• Instructions to follow: Up to and including the line bearing "龙牙花红叶扶疏,初夏开花,深", output every line of the entries exactly as written, starting from the first; pictures stay out.

Records from a data collection

━━━━━━

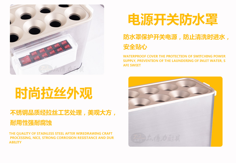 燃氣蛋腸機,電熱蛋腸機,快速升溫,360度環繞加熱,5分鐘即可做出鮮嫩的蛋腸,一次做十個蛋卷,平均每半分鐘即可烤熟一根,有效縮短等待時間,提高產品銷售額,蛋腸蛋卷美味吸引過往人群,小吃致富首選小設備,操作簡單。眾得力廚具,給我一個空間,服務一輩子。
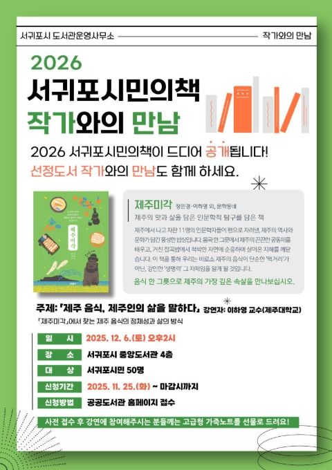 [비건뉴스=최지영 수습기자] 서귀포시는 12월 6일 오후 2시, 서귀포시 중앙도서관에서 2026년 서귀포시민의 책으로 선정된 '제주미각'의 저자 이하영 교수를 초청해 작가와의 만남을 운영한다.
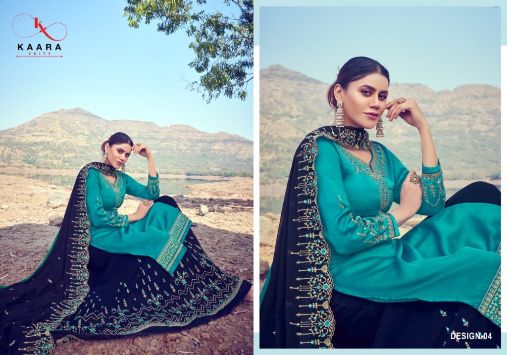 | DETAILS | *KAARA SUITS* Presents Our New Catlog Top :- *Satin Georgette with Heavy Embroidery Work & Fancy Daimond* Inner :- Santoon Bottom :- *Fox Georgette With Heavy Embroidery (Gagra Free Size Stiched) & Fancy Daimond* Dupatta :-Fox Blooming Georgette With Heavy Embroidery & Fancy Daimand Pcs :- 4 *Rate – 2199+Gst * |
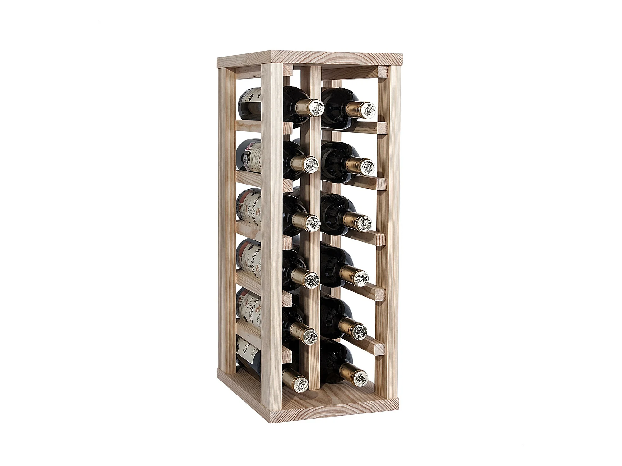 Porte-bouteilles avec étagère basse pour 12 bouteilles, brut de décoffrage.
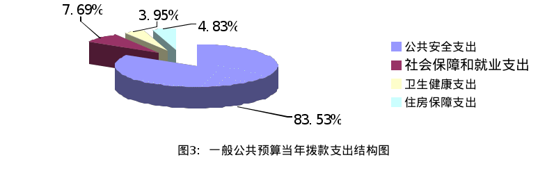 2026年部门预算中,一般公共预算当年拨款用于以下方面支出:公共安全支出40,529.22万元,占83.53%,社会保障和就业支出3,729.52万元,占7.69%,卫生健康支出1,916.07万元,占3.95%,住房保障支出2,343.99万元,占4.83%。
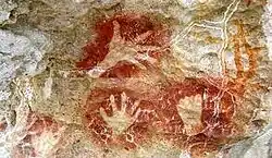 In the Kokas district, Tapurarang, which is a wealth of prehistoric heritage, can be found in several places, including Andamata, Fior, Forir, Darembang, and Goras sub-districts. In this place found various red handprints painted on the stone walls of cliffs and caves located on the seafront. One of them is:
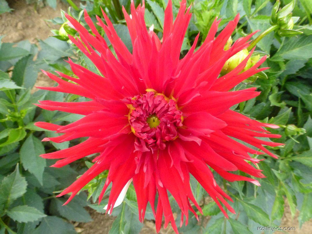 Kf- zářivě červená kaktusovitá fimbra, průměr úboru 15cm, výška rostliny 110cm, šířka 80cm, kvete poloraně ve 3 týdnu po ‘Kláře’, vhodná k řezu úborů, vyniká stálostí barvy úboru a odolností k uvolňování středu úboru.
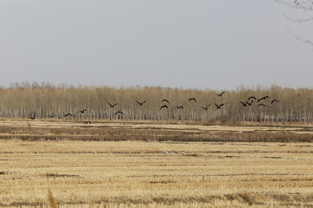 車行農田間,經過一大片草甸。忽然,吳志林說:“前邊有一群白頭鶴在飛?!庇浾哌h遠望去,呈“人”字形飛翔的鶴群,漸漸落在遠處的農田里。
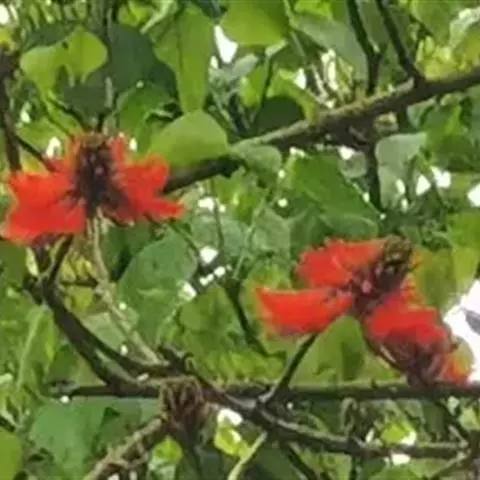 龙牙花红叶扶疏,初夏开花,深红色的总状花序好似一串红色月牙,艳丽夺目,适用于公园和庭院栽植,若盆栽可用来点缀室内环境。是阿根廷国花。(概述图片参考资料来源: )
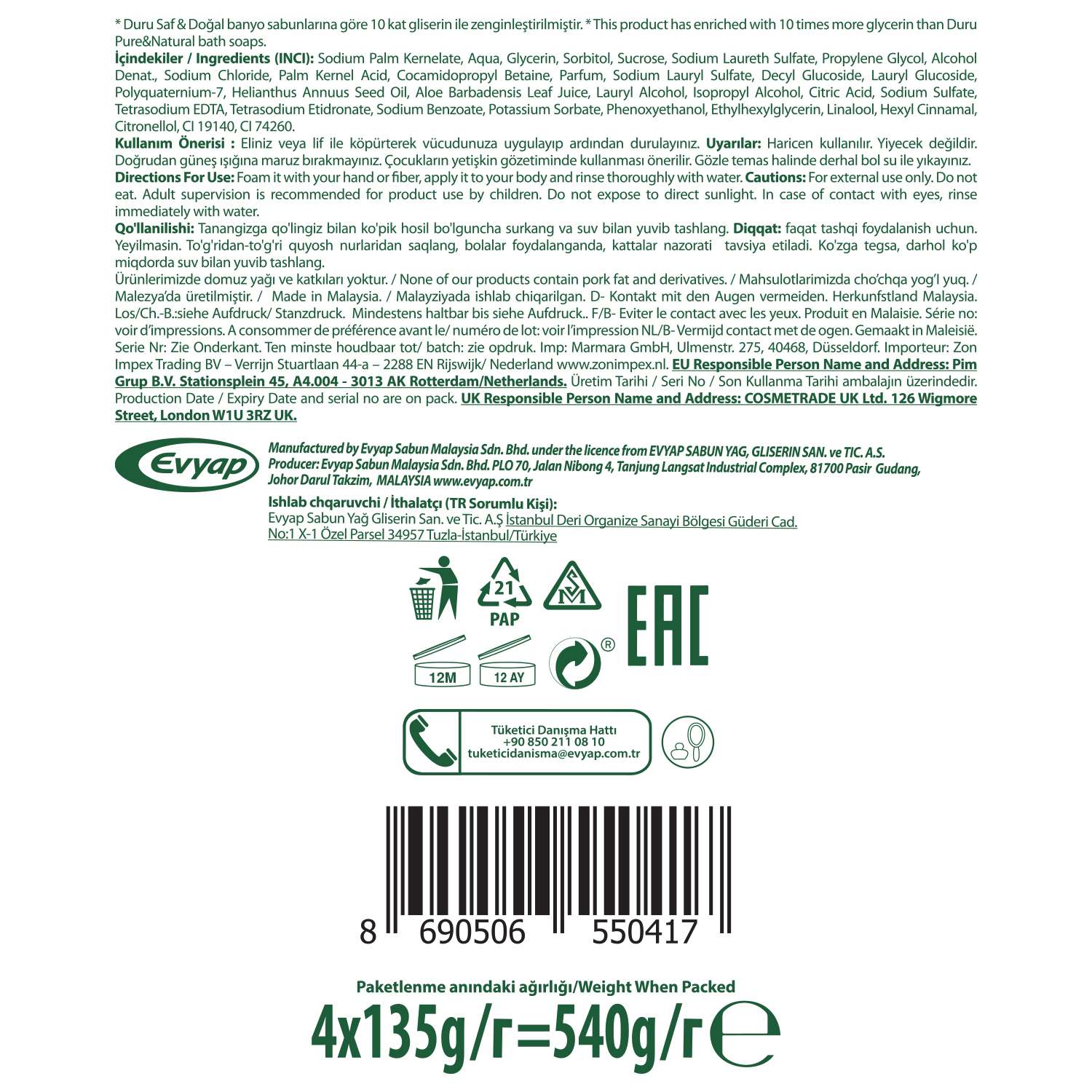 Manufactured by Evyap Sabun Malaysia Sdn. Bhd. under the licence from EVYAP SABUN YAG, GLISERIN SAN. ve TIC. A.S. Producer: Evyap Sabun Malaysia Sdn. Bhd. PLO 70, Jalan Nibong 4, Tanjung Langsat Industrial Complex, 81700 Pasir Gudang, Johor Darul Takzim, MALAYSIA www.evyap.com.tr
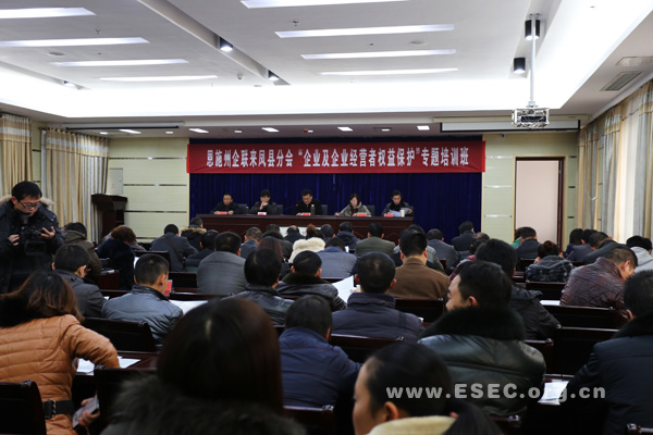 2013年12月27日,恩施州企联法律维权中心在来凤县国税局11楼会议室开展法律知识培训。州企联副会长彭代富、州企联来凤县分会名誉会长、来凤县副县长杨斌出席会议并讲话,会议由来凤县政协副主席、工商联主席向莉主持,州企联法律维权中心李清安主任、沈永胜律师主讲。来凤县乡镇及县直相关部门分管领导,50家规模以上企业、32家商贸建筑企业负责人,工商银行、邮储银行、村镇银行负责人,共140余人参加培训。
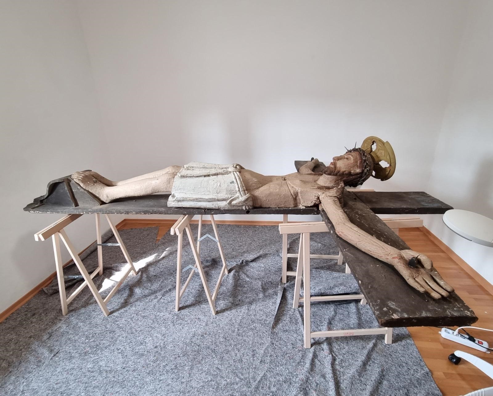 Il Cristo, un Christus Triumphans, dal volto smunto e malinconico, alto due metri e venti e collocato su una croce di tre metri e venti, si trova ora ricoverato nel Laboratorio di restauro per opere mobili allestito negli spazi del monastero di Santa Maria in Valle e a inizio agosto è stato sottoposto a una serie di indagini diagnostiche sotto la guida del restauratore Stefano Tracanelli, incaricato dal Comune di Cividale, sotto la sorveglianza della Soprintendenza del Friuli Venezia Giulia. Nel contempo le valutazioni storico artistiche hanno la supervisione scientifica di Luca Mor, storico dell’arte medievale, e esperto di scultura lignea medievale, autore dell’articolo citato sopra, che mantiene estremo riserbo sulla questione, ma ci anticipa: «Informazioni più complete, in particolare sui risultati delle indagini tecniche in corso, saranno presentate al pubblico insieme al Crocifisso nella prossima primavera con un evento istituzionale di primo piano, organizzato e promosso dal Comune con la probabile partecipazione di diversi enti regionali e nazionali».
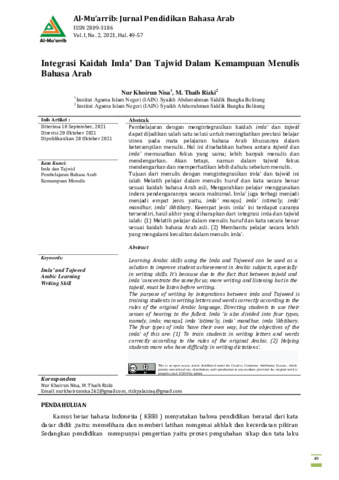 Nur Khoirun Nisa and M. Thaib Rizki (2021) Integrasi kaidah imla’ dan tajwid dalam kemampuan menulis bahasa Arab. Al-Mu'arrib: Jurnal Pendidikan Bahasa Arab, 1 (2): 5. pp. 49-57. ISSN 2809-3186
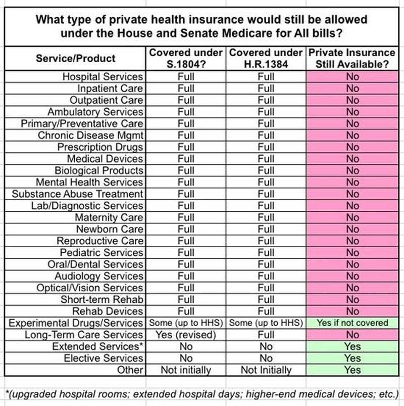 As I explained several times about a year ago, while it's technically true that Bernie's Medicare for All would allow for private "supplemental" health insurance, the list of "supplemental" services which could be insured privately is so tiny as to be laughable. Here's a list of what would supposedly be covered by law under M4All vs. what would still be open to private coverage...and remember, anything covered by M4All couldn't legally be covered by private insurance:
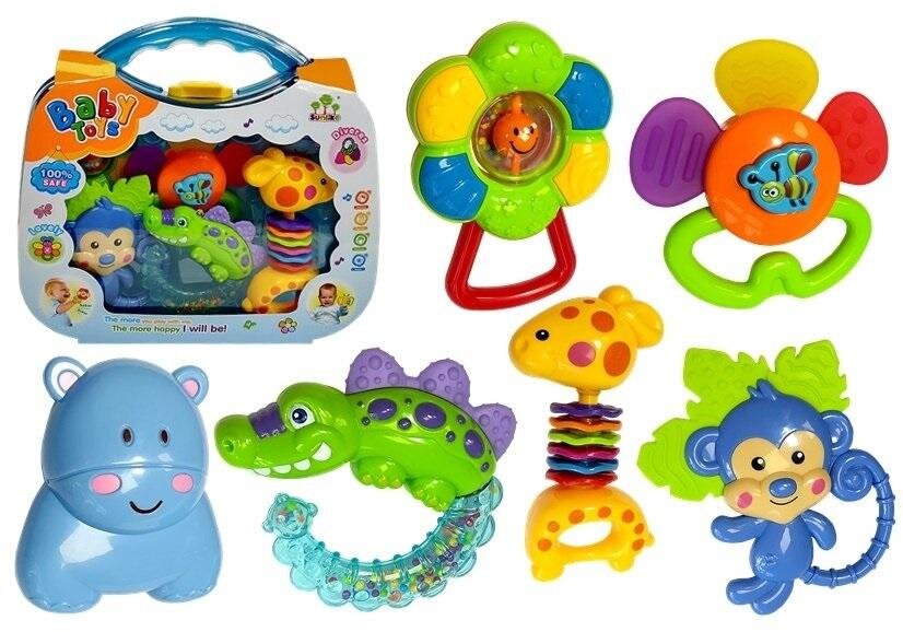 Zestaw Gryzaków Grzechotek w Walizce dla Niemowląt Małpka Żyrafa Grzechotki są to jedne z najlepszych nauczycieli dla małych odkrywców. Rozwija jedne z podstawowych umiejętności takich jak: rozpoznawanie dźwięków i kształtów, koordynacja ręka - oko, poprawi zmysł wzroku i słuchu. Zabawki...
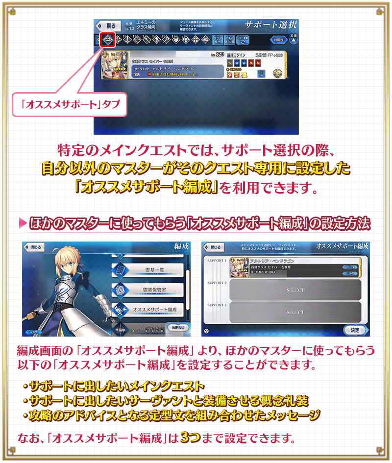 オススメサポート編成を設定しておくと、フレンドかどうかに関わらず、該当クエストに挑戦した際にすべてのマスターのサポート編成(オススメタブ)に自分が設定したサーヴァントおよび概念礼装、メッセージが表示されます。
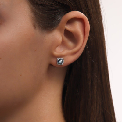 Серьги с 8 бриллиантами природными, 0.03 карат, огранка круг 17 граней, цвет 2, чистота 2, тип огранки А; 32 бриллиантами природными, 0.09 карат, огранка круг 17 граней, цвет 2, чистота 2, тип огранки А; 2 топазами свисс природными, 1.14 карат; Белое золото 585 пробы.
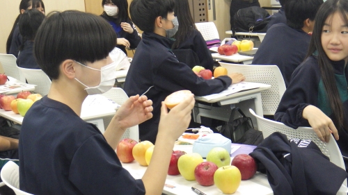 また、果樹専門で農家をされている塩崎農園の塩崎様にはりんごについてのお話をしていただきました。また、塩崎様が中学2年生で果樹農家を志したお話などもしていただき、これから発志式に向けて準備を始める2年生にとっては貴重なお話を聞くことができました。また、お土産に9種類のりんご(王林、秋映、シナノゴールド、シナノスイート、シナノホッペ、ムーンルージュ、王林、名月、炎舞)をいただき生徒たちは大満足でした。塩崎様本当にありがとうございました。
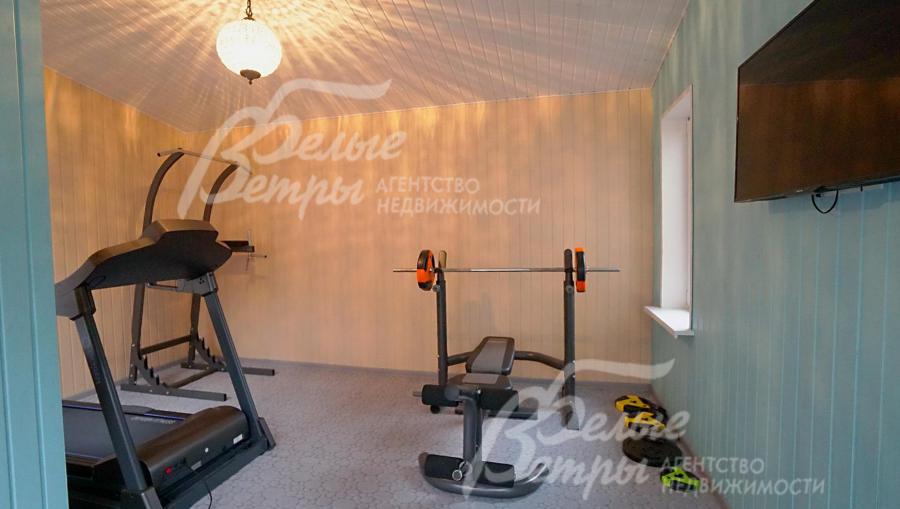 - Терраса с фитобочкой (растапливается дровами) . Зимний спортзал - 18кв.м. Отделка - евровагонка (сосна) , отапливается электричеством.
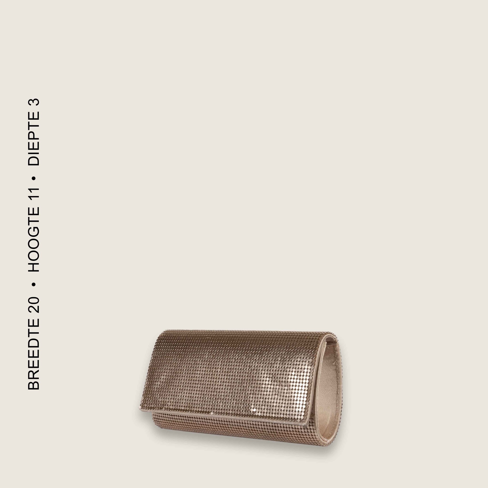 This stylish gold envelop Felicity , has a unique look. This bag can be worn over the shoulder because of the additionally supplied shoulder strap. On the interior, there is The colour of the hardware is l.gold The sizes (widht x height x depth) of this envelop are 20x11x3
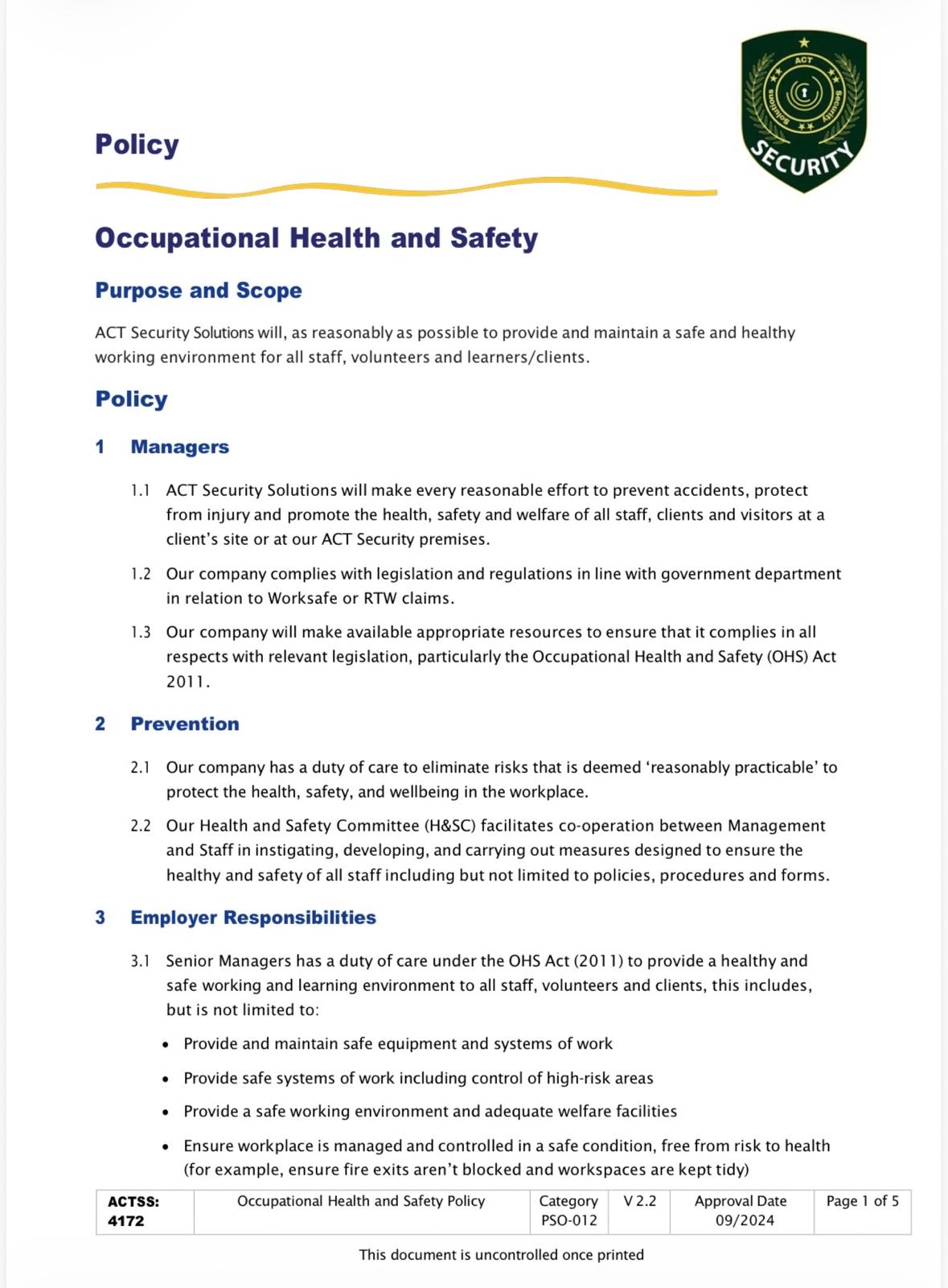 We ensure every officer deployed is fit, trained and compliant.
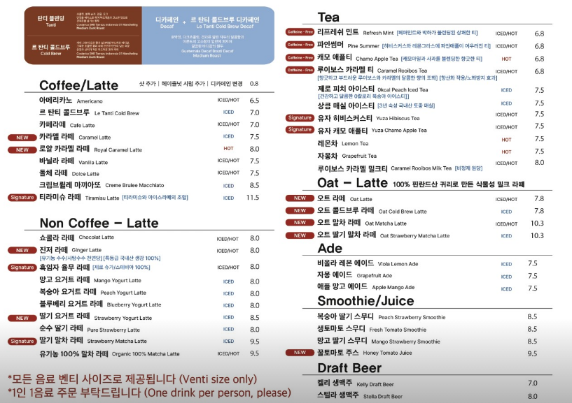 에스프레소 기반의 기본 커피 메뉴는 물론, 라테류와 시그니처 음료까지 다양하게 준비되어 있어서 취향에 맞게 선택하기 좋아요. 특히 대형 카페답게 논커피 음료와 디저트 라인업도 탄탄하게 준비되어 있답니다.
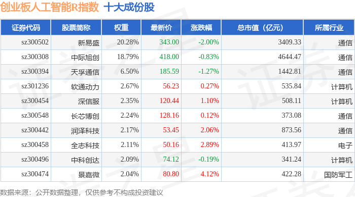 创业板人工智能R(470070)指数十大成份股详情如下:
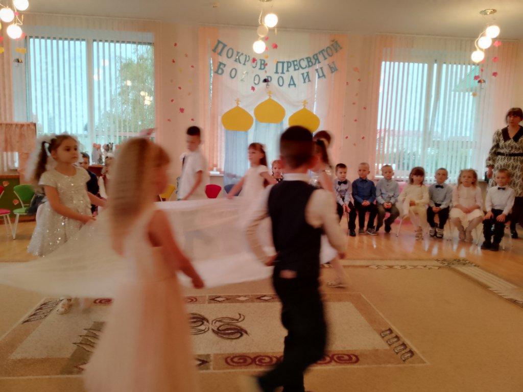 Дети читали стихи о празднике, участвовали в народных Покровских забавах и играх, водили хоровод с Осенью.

━━━━━━

• Output for this exercise:
 燃氣蛋腸機,電熱蛋腸機,快速升溫,360度環繞加熱,5分鐘即可做出鮮嫩的蛋腸,一次做十個蛋卷,平均每半分鐘即可烤熟一根,有效縮短等待時間,提高產品銷售額,蛋腸蛋卷美味吸引過往人群,小吃致富首選小設備,操作簡單。眾得力廚具,給我一個空間,服務一輩子。
 [비건뉴스=최지영 수습기자] 서귀포시는 12월 6일 오후 2시, 서귀포시 중앙도서관에서 2026년 서귀포시민의 책으로 선정된 '제주미각'의 저자 이하영 교수를 초청해 작가와의 만남을 운영한다.
 | DETAILS | *KAARA SUITS* Presents Our New Catlog Top :- *Satin Georgette with Heavy Embroidery Work & Fancy Daimond* Inner :- Santoon Bottom :- *Fox Georgette With Heavy Embroidery (Gagra Free Size Stiched) & Fancy Daimond* Dupatta :-Fox Blooming Georgette With Heavy Embroidery & Fancy Daimand Pcs :- 4 *Rate – 2199+Gst * |
 Porte-bouteilles avec étagère basse pour 12 bouteilles, brut de décoffrage.
 2026年部门预算中,一般公共预算当年拨款用于以下方面支出:公共安全支出40,529.22万元,占83.53%,社会保障和就业支出3,729.52万元,占7.69%,卫生健康支出1,916.07万元,占3.95%,住房保障支出2,343.99万元,占4.83%。
 In the Kokas district, Tapurarang, which is a wealth of prehistoric heritage, can be found in several places, including Andamata, Fior, Forir, Darembang, and Goras sub-districts. In this place found various red handprints painted on the stone walls of cliffs and caves located on the seafront. One of them is:
 Kf- zářivě červená kaktusovitá fimbra, průměr úboru 15cm, výška rostliny 110cm, šířka 80cm, kvete poloraně ve 3 týdnu po ‘Kláře’, vhodná k řezu úborů, vyniká stálostí barvy úboru a odolností k uvolňování středu úboru.
 車行農田間,經過一大片草甸。忽然,吳志林說:“前邊有一群白頭鶴在飛?!庇浾哌h遠望去,呈“人”字形飛翔的鶴群,漸漸落在遠處的農田里。
 龙牙花红叶扶疏,初夏开花,深红色的总状花序好似一串红色月牙,艳丽夺目,适用于公园和庭院栽植,若盆栽可用来点缀室内环境。是阿根廷国花。(概述图片参考资料来源: )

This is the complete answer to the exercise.